Your browser either does not support Javascript or you have it disabled. Please enable Javascript to be able to navigate our site and utilize features.

Montavista


Archive for the 'multicore' Category

Cache: the key to multicore performance

Friday, October 10th, 2008

If you attended my multicore webinar last month then you know that I’m a big fan of looking out the window at existing open source applications and seeing how they tackle performance issues. The webinar used the Apache HTTP server as an example. A recent Intel engineering study uses a modified version of snort as a test application for improving multicore performance.

The Intel study, commented extensively on by Lori Matassa, indicated performance scaling on a 4 core system of 6.2x. This is notable because the generally expected benefit from adding a core is typically slightly under 1. For example moving an application to a 4 core system and then getting a 3.8x performance boost would be expected and would likely require some work to attain.

The Intel engineering study is notable because it indicates something that experienced practitioners have always known: efficient cache usage is a critical factor in multicore performance.
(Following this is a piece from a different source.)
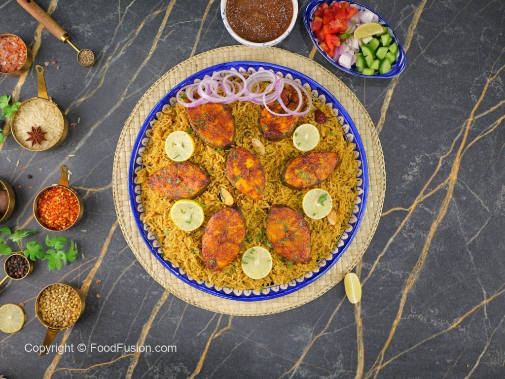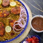 -In a serving platter, add mandi rice, baked fish, garnish with lemon slices, give a coal smoke & serve with prepared mandi sauce & salad!

It simply makes no sense to play games elsewhere until you’ve got a grasp on cache efficiency and have maximized that aspect of your system performance.

The Intel engineering study did something interesting with “flow pinning”. Each TCP flow through the system was handled, for the lifetime of the flow, by a single assigned core. This improves cache efficiency by optimizing locality of reference.

The Intel paper also prompts some thoughts in my mind regarding those who are migrating RTOS applications from their dead-end platform to the new funky Linux world. A vogue thought these days is that a virtualization platform can be used to just run your RTOS side-by-side with the new Linux platform. My concern is that taking a non-multicore aware RTOS based application and just moving it to a new multicore processor implies either no cache efficiency or a decrease in cache efficiency. The RTOS based application never had multiple cores and hence has no awareness or ability to do flow-pinning as discussed in the paper.

Potentially a better approach is to migrate the RTOS application’s algorithms to a consistent Linux platform and then do cache optimization work now that you’ve eliminated other variables and have design flexibility. If you want to learn more about RTOS to Linux migration we’ve got an upcoming webinar on that, too.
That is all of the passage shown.